Today, just as we were turning to leave Beit El, by the bus stop, just before the firing range, we heard a car speed by and a siren-like sound. There was a light on top, the security car, and it speedily passed other vehicles. Soon we lost sight of it, but then we heard the sirens of what turned out to be an ambulance.
It was obvious that something had happened. Was it a terror attack or traffic accident? We kept looking for clues, via the amount of emergency vehicles and the directions they would take. The ambulance passed us just before the T-Junction, Givat Asaf; then it turned north, our direction. We still had no idea what the emergency was.
We had room for one more passenger, and a familiar-looking woman got in; she said that she was going to Ofra. Then I saw a neighbor of mine, the one who had killed the terrorist who ran over my foot. "Too bad," I said; "he's going further and should have gotten the place."
The woman told us that she really needed to get to Ofra quickly; her daughter had just been shot. Whoah! Then she told us all she knew. A school bus taking high school girls from their school in Maale Levona to Ofra was attacked by terrorists in Sinjil, not far from where the road forks between Shiloh/Eli and Maale Levona. All the woman knew was that her daughter was lightly hurt, and she was going to meet the ambulance in Ofra and then travel with her daughter to the hospital. The fact that we hadn't been met by speeding ambulances was a good sign, meaning no serious injuries. The bus had actually continued to Ofra, where the injured were being treated.
After we dropped her off, we wondered how many hours we would be stuck waiting on the road. That's the usual routine after terror attacks, but we got home pretty quickly.
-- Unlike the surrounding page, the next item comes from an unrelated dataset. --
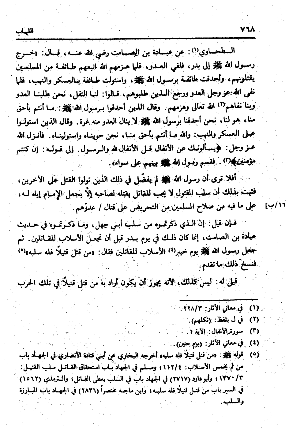 الطَّحَاوِيّ: عَن عبَادَة بن الصَّامِت رَضِي الله عَنهُ، قَالَ: " خرج رَسُول الله [صلى الله عَلَيْهِ وَسلم] إِلَى بدر، فلقي الْعَدو، فَلَمَّا هَزَمَهُمْ الله اتبعهم طَائِفَة من الْمُسلمين يَقْتُلُونَهُمْ، وَأَحْدَقَتْ طَائِفَة برَسُول الله [صلى الله عَلَيْهِ وَسلم] ، واستولت طَائِفَة بالعسكر والنهب، فَلَمَّا نفى الله عز وَجل الْعَدو وَرجع الَّذين طلبوهم، قَالُوا: لنا النَّفْل، نَحن طلبنا الْعَدو وبنا نفاهم الله تَعَالَى وَهَزَمَهُمْ. وَقَالَ الَّذين أَحدقُوا برَسُول الله [صلى الله عَلَيْهِ وَسلم] : مَا أَنْتُم بِأَحَق منا، هُوَ لنا، نَحن أَحدقنَا برَسُول الله [صلى الله عَلَيْهِ وَسلم] لَا ينَال الْعَدو مِنْهُ غرَّة. وَقَالَ الَّذين استولوا على الْعَسْكَر والنهب: وَالله مَا أَنْتُم بِأَحَق منا، نَحن حويناه واستوليناه. فَأنْزل الله عز وَجل: {يَسْأَلُونَك عَن الْأَنْفَال قل الْأَنْفَال لله وَالرَّسُول} . إِلَى قَوْله: {إِن كُنْتُم مُؤمنين} . فقسم رَسُول الله [صلى الله عَلَيْهِ وَسلم] بَينهم على سَوَاء ".

I watched TV when eating supper. The big news was the Arab rocket attack on Sderot during President Katzav's visit. The people of Sderot are angry at the government for abandoning them, for not following through with their threats to reenter Gaza if southern Israel was attacked, for not protecting them. The response of the reporter, considered one of Israel's best, was outrageous. She argued with the man she was interviewing:
"How can Israel attack the Arabs? Europe will be angry! What if innocent Arabs are injured?"
The Sderot resident tried to explain, but then the interview was cut.
Next they showed moving trucks filled with furniture and explained that people are leaving Sderot. They interviewed a woman who said that she had lived there her entire life, but she couldn't take the rocket attacks. She was afraid for her children. If things ever calmed down, she'd return. They gave the impression that the city was ready to fold.
In contrast, who could forget the brave residents of Gush Katif, who suffered constant rocket and mortar attacks from the Arabs and refused to leave their homes.
2 comments:
The problem is that it isn't real to most people. People say they understand WTC 93 or 9-11 but to those who were there it is a different story.
There is a constant in all this mess. The far left always stabs us in the back when we are down. Shortly after 9-11 I became a Cold Warrior again.
Yes, the entire world's in danger, and they refuse to admit that the center of terorism is Gaza, the teflon terrorists.